BARF: Reflex

Throughout this document, the term "primary source file" will be used to refer to the .reflex source file which is written by the user and is directly parsed by reflex.

Using Reflex From The Commandline

$ reflex -I path/to/targets/directory input.reflex -o desired/output/directory/

Format Of The Reflex Source File

Everything at the top of the file, above the %% delimiter, is the preamble. The preamble is where certain meta-properties are declared via directives:

It should be noted that the preamble for both reflex and trison are nearly identical in format -- the exception being the tool-specific directives such as %macro on the reflex side, and XXX (TODO: fill in later) on the trison side.

Below the %% delimiter is the scanner mode specification. The format is comprised of one or more scanner modes, each containing zero or more regex rules. Each scanner mode is essentially a unique mode of operation which dictates what regex rules can be accepted at any given time. When the scanner is in a particular scanner mode, only the regex rules specified within can be accepted. The generated scanner code will provide facilities for switching the current scanner mode at runtime.

Scanner modes are useful in separating modes of operation, such as scanning the body of a string literal, or ignoring everything except the closing delimiter of a block-style comment.

Each regex rule in each scanner mode must specify, for each target declared in the preamble, a segment of code known as a rule handler. This code will be executed when the corresponding regex has been successfully matched by the generated scanner.

// ///////////////////////////////////////////////////////////////////////////
// This particular example will recognize tokens from the regular language
// consisting of integers (sequences of decimal digits), whitespace (tabs, 
// newlines and spaces), operators (plusses and asterisks), and C-style block
// comments.  There are two scanner modes, one (%scanner_mode MAIN) for 
// recognizing the first three language elements mentioned, and the second
// (%scanner_mode BLOCK_COMMENT) for recognizing the last.
// ///////////////////////////////////////////////////////////////////////////

%targets cpp

%target.cpp.class_name AwesomeScanner
%target.cpp.header_filename "awesome.hpp"
%target.cpp.implementation_filename "awesome.cpp"
%target.cpp.bottom_of_implementation_file %{
int main (int argc, char **argv)
{
    AwesomeScanner scanner;
    while (!scanner.IsAtEndOfInput())
        scanner.Scan();
    return 0;
}
%}

%macro DIGIT ([0-9])
%macro INTEGER ({DIGIT}+)

%start_in_scanner_mode MAIN

%%

%scanner_mode MAIN
:
    ({INTEGER}) %target.cpp { std::cout << "integer" << std::endl; }
|
    ([\t\n ]) %target.cpp { std::cout << "whitespace" << std::endl; }
|
    ([*+]) %target.cpp { std::cout << "operator" << std::endl; }
|
    (\z) %target.cpp { std::cout << "EOF" << std::endl; return; }
|
    (/[*]) %target.cpp { ScannerMode(Mode::BLOCK_COMMENT); }
;

%scanner_mode BLOCK_COMMENT
:
    ([*]/) %target.cpp { std::cout << "block comment" << std::endl; ScannerMode(Mode::MAIN); }
|
    ([^*]+|[*]) %target.cpp { }
|
    (\z) %target.cpp { std::cout << "unterminated block comment" << std::endl; ScannerMode(Mode::MAIN); }
;

Using Targets

Using a particular target in a reflex scanner is straightforward. Add its identifier (e.g. cpp) to the %targets directive at the top of the source file. This will cause reflex to look for a targetspec file in the targets search path (TODO: make ref) corresponding to a the identifier specified, using a canonical form of reflex.XXX.targetspec where XXX is the target's identifier. The targetspec file defines the target-specific interaction between the primary source file and the generated code, which is produced using the codespec files it indicates.

Adding another target to the %targets directive will cause reflex to require that certain directives, as specified by the corresponding targetspec, are defined in the primary source file. The targetspec file mainly consists of specifications for "required" and "optional" directives. As expected, all "required" directives established by the targetspec must be present in the primary source file, or indicative error messages will be emitted.

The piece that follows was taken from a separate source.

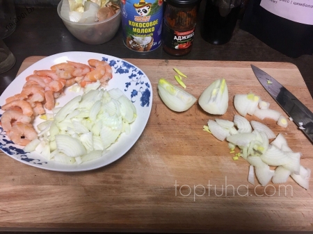 Вливаем кокосовое молоко и держим на огне буквально минут десять.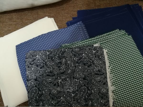 также нужна какая-нибудь простая ткань для изнаночной стороны, она будет скрыта внутри одеяла. Ткань разрезается также на 140 квадратных лоскутов размером 15х15 см. Для этого я взяла старый пододеяльник, который мне давно не нравился.

The targetspec file will also require that the filename(s) of the output file(s) be specified.

%target.target_name.directive_name directive_value

Where target_name is the name of the target (e.g. cpp), directive_name is the targetspec-specified identifier for the particular directive, and directive_value is the value for the directive, of a type specified by the targetspec (see The Targetspec And Codespec Paradigm for details on these types). These directives go in the preamble of the primary source, so they are sensitive to newlines; there must not be a newline anywhere between the opening % and the beginning of directive_value.

In addition to adding the directive values required by the targetspec, you must also add code handlers for all regex rules, using the following form.

    (whatever regex) %target.XXX { code goes here }

These declarations are in the body of the primary source, so are not newline-sensitive. If rule handler code isn't present for each target for each regex, error messages will be emitted.

At this point, you should have enough working knowledge to use reflex to implement a scanner using the target of your choice.